Place Dauphine has also inspired screen writers. If you get the feeling, when here, that you’re on a stage set, the reason could well be because Place Dauphine has appeared in numerous movies and television shows …
Place Dauphine was once home to legendary French actress Simone Signoret and actor-singer Yves Montand, and you can’t help but peer around at the various façades, wondering what other fabulous lives have been led, or are being led, in the beautiful apartments that must be tucked away here.

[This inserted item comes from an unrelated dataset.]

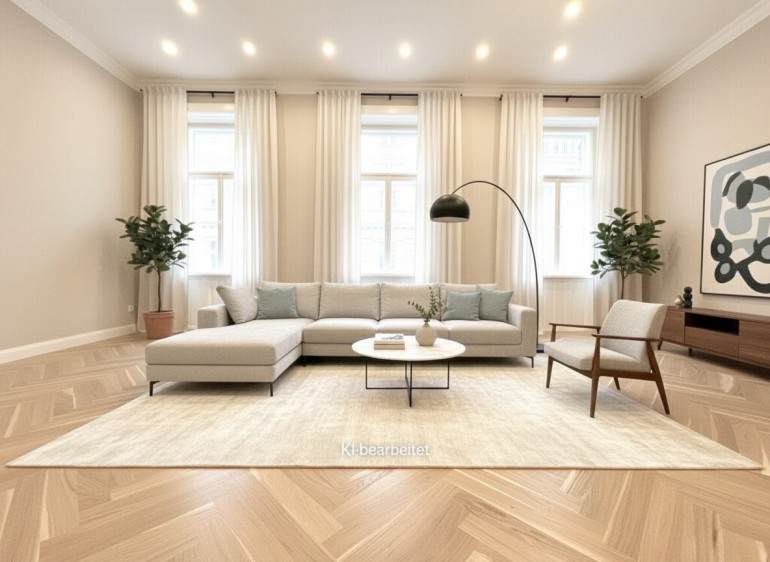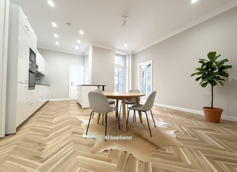 FYI: Die Wohnung ist unmöbliert, bis auf die Einbauküche und die Bäder. Die möblierten Fotos sind mit KI bearbeitet.

If loitering en terrasse in the hope of meeting a friendly local doesn’t score you a behind-the-scenes invite, you could always rent an apartment yourself: Paris Perfect offers an entire building of accommodation options. It’s a lovely way to live the dream … even if only for a night.
Thank you for this article Katrina! I’m making my way back to the city of lights next spring and somehow came across your article as I was looking for new nooks and crannies of the city to explore. I love knowing the backstory and history of an area, and am so glad you included it.
You’re most welcome, Melissa! Have the most wonderful holiday. Ahh Paris in spring, there’s nothing quite like it!